WORK INSTRUCTIONS
Take the lines below between the one holding "2022福建永定土楼马拉松赛" and the one holding "Frolic delad på", inclusive, and copy them exactly. Add nothing.

INFORMATION PROVIDED

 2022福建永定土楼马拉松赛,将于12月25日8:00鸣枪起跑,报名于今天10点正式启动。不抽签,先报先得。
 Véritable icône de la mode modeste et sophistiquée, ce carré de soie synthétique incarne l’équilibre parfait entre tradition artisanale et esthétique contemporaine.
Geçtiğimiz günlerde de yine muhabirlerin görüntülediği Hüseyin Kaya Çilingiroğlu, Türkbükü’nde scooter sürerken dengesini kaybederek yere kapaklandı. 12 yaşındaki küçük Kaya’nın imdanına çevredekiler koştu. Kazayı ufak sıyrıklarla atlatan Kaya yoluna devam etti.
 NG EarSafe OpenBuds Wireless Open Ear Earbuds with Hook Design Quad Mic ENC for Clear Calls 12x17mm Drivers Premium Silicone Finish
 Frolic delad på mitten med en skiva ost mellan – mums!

* * *

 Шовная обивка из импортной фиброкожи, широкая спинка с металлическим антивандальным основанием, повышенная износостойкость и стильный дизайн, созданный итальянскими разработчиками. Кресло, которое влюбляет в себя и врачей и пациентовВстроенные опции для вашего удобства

SOLUTION TO THIS PROBLEM
 2022福建永定土楼马拉松赛,将于12月25日8:00鸣枪起跑,报名于今天10点正式启动。不抽签,先报先得。
 Véritable icône de la mode modeste et sophistiquée, ce carré de soie synthétique incarne l’équilibre parfait entre tradition artisanale et esthétique contemporaine.
Geçtiğimiz günlerde de yine muhabirlerin görüntülediği Hüseyin Kaya Çilingiroğlu, Türkbükü’nde scooter sürerken dengesini kaybederek yere kapaklandı. 12 yaşındaki küçük Kaya’nın imdanına çevredekiler koştu. Kazayı ufak sıyrıklarla atlatan Kaya yoluna devam etti.
 NG EarSafe OpenBuds Wireless Open Ear Earbuds with Hook Design Quad Mic ENC for Clear Calls 12x17mm Drivers Premium Silicone Finish
 Frolic delad på mitten med en skiva ost mellan – mums!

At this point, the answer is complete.